Aims: The charity wanted to run a campaign that would actually change the behaviour of errant dog owners. It based the initiative on market research carried out with dog owners who admitted they let their dogs foul in public places, but who said they would change their behaviour if they were hit by strong messages reminding them of the consequences of their actions.

Keep Britain Tidy also wanted to highlight its work with central government to tighten up the law on dog fouling, and how local governments were planning to enforce the legislation more effectively and provide more dog bins.

How it worked: Advertising agency Lake Design created a series of graphic posters for the campaign. The posters were placed around popular dog-walking areas such as parks and open spaces and also in city centres.

It also recruited actor Ricky Tomlinson as a figurehead for the campaign and organised a photo call for the national tabloids. As part of the shoot, Tomlinson sat on a toilet in Clapham Common.

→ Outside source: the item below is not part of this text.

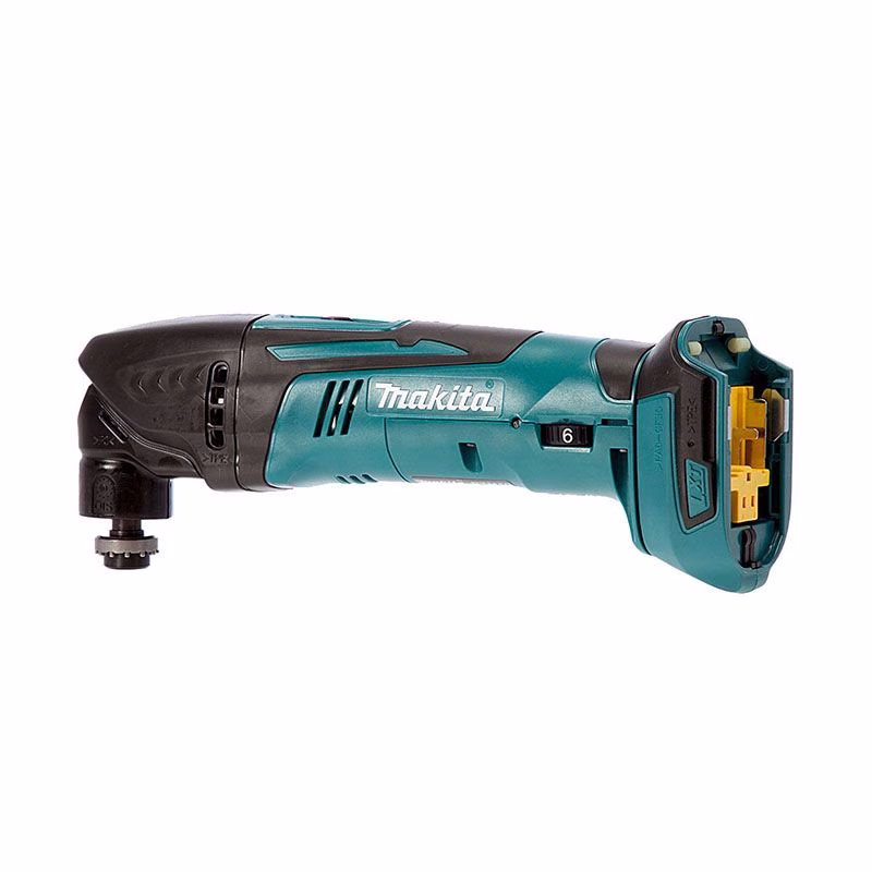 Аккумуляторный реноватор Makita DTM50Z – это профессиональный мультитул, применяемый в сфере ремонта и строительства, изготовления элементов интерьера, для выполнения операций шлифовки, полировки, зачистки и обычной резки различных материалов. Для решения определенных задач требуется лишь подобрать соответствующую насадку. Вес технического устройства не превышает 1,9 кг. Его питание осуществляется от литий-ионного аккумулятора напряжением 18 Вольт и емкостью 3.0 А/ч, который не предусмотрен в комплекте поставки, как и зарядное устройство, а также набор оснастки. На холостом ходу выполняется от 6 000 до 20 000 об/мин.

Local councils also helped to launch the campaign on a national scale.

The charity worked closely with Camden Council to slot into its Boulevard Project, a £20 million street clean-up programme.

Camden's support for the programme included hosting a launch and conducting a day's worth of radio interviews. Some councils also ran enforcement programmes to go alongside the poster campaign.

Keep Britain Tidy secured the backing of the National Canine Defence League and the support of retailer Pets at Home, which agreed to offer free plastic poop bags to its customers.

Results: Keep Britain Tidy recorded an average 40 per cent decrease in dog fouling in the green spaces close to where the ads were placed. The campaign also generated coverage in national and regional newspapers, as well as on Radio One and Channel 4's RI:SE breakfast show.

"The campaign worked because it was carefully researched and targeted.

We knew who we wanted to reach and how to reach them,

says Sue Neldon, marketing director at Keep Britain Tidy. "One of the biggest traps charities, councils and NGOs fall into is they try and use a one-size-fits-all approach and often this ends up connecting with no one. All our future campaigns will be based on a similar philosophy.